Director of National Intelligence Avril Haines told lawmakers Tuesday morning that Russian President Vladimir Putin did not expect the level of Ukrainian resistance to his invasion, nor the level and speed of sanctions imposed by countries around the world.

“Our analysts assess that Putin is unlikely to be deterred by such setbacks and instead may escalate, essentially doubling down,” she said.
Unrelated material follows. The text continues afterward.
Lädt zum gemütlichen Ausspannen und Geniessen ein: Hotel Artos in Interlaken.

The comments from Haines and other intelligence officials came in an unusually candid public hearing with members of the House Intelligence Committee. The hearing was expected to focus on the intelligence community’s annual global threat assessment, but it was instead largely dominated by questions about Russia’s two-week-old invasion of its neighbor Ukraine. The House panel will get a classified assessment in the afternoon.

Haines said Putin likely expected the conflict to last a matter of days at most and predicted Russia will be hard pressed to hold any ground it gains.
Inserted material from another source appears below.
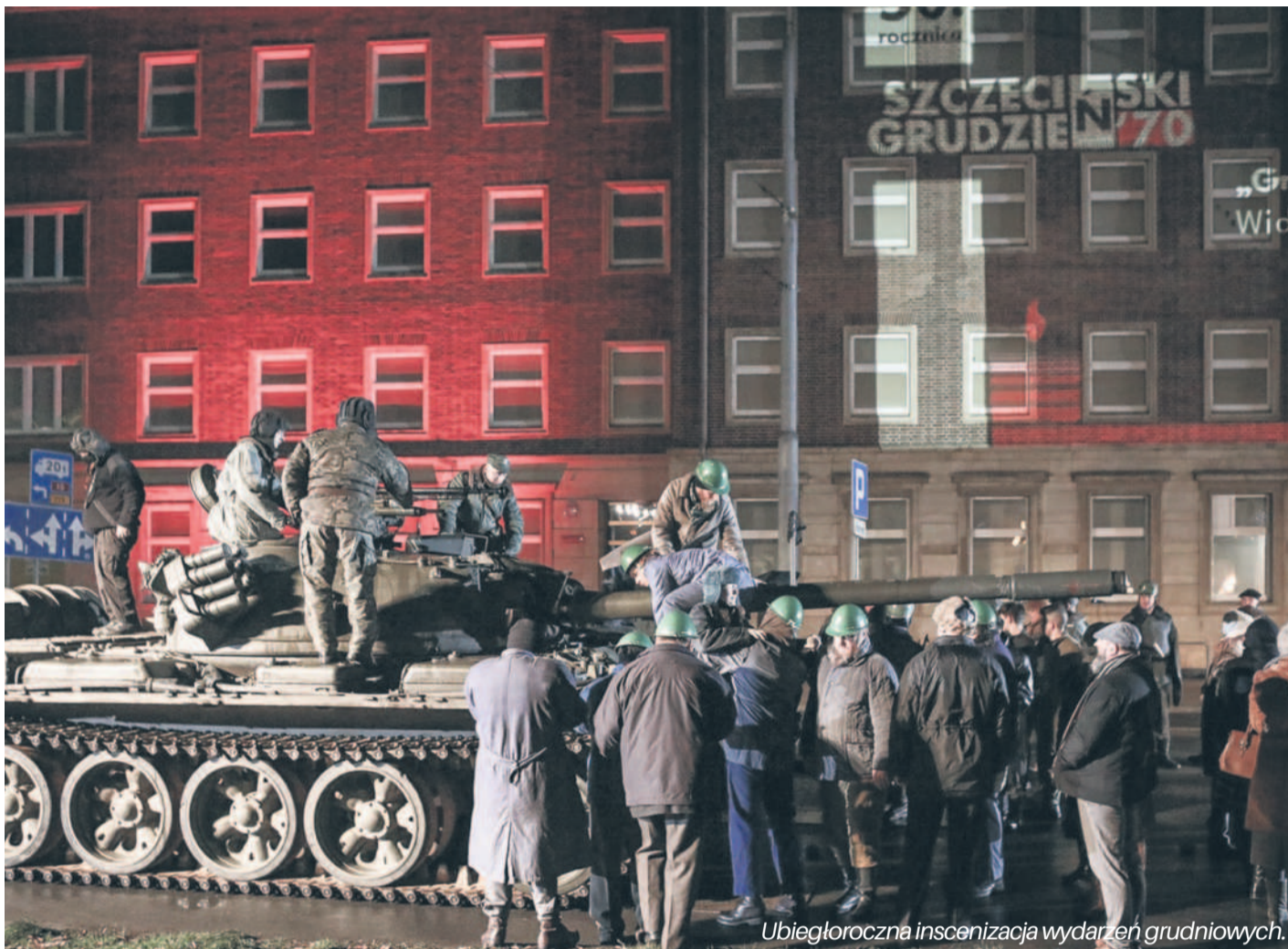
Ubiegłoroczna inscenizacja wydarzeń grudniowych.

“We assess Putin feels aggrieved the West does not give him proper deference and perceives this as a war he cannot afford to lose, but what he might be willing to accept as a victory may change over time given the significant costs he is incurring,” she said.
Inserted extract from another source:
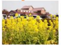
キララアジス道の駅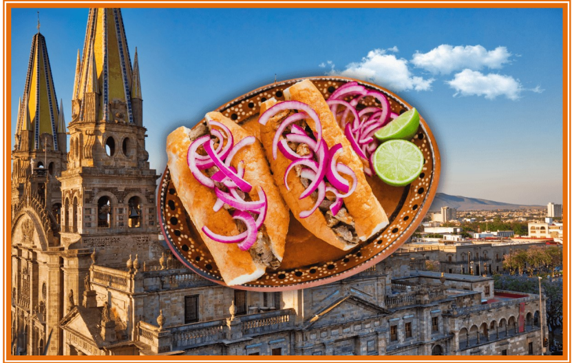
Fotografía. Por: SUN. Periódico El Informador, 6 de septiembre de 2025

Mucho se habla de su origen o creación convertida en leyenda y ha causado gran polémica entre los comerciantes del ramo que atribuyen su descubrimiento a tal o cual persona incluso como parte de la familia, dice un refrán “papelito habla”; así pues, entre “dimes y diretes” se tiene como en la alacena un gran número de historias relacionadas con este manjar confeccionado en nuestros días con diversos ingredientes y, desde luego, no son los mismos; por ejemplo, habrá quienes no cuentan con frijoles, la base del pan birote salado; por otra parte, la cebolla desflemada se ha popularizado tanto que seguramente la totalidad de quienes la preparan la utilizan como elemento insustituible; el limón se añadió porque es gusto de los tapatíos ponerle limón a todo.

CIA Director William Burns agreed, saying Putin initially believed Ukraine was weakened and easily intimidated, and that the Russian leader had modernized his military to the point of ensuring a quick victory. Burns added that Putin had been confident early on that he had sanction-proofed his economy, and that the Europeans were too distracted to pay much attention to the invasion.

“He’s been proven wrong on every count,” Burns said.

Still, Burns said the invasion is a “matter of deep personal conviction” for Putin.

“He has been stewing in a combustible combination of grievance and ambition for many years,” Burns said.

Putin’s plan was premised on seizing Kyiv within the first two days of the campaign, Burns said, and he is getting increasingly frustrated at the lack of progress.

“He’s likely to double down and try to grind down the Ukrainian military with no regard for civilian casualties,” Burns said. “He has no sustainable political endgame in the face of what is going to continue to be fierce resistance from Ukrainians.”

At this point, Burns said he cannot see how Putin can stand up a puppet regime in the face of massive opposition from the Ukrainian people, warning there is an “ugly next few weeks” ahead.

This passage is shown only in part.